Splay Trees are used in IFS (Installable File Systems).
The length of the time taken to complete a algorithm for a Splay Tree, can be calculated with the Big O notation. There's no randomisation within Splay Trees, and therefore some operations can be expensive and time consuming, this is especially true when Splay Trees become unbalanced and very tall. It could take many Zig operations to splay a node to the root of the tree. Each rotation is called a Splay Step, and the process is called Splaying.

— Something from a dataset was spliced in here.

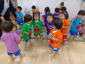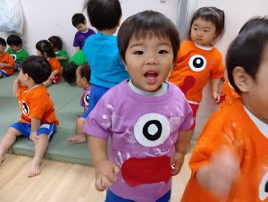 カラーTシャツに手形をペタペタとスタンプし、目と口をつけて衣装をつくりました🎶

Here is an example of a very tall Splay Tree:
Let's discuss the three algorithms, used to search or walk through a Splay Tree, and then Splay this tree to rebalance it.
Zig Zag Algorithm:
The algorithm, begins like a ordinary binary search tree, you start at the root, and then begin to walk down the tree, deciding if you take the left child or the right child of the current grandparent (root), depending upon the data sorted within the node your looking for. You continue this process, until you come across the node and the key your looking for, or until you reach a dead end, since the node may not be sorted within the search tree.
The general rule here, is if x (node) which we are splaying up the tree, is the left child of right child, or the right child of the left child. It's easier to understand it, in a picture or in a video.
Zig Zig Algorithm:
The node (x) is left child of the left child, or right child of the right child. The Parent is rotated through the Grandparent, before the splay of the node takes place. The Grandparent is the root of the tree, and the Parent is the child which the node is the child of: right child of the right child.
Zig Algorithm:
This is the most easy algorithm, the node (x) is the child of the Grandparent or the root.
Splay Tree Node Insertion:
Now, let's discuss the Insertion and Deletion of nodes within a Splay Tree. The general rules apply to a binary search tree, and since a Splay Tree is a binary search tree, it inherits these properties. You can use your own defined relationships (properties) with the insertion of new nodes.
- The left subtree of a node is less than the key stored in the Parent node.
- The right subtree of a node is greater than the key stored in the Parent node.
- There can't be any duplicate nodes.
This Splay Tree contains one node, with a data value of 60. It is the Root Node, and as a result will not have any associated Parents, but it doesn't have any children either. Until, we insert another node into the Splay Tree. RtlIsRoot can be called to decide if the current node is the root node, or techically the Grandparent node. Each node contains usually three different pointers. The Parent, Left Child and Right Child.
RtlSplay is used to call, and add a node to the Splay Tree, and rebalance the Splay Tree, so the node becomes the root.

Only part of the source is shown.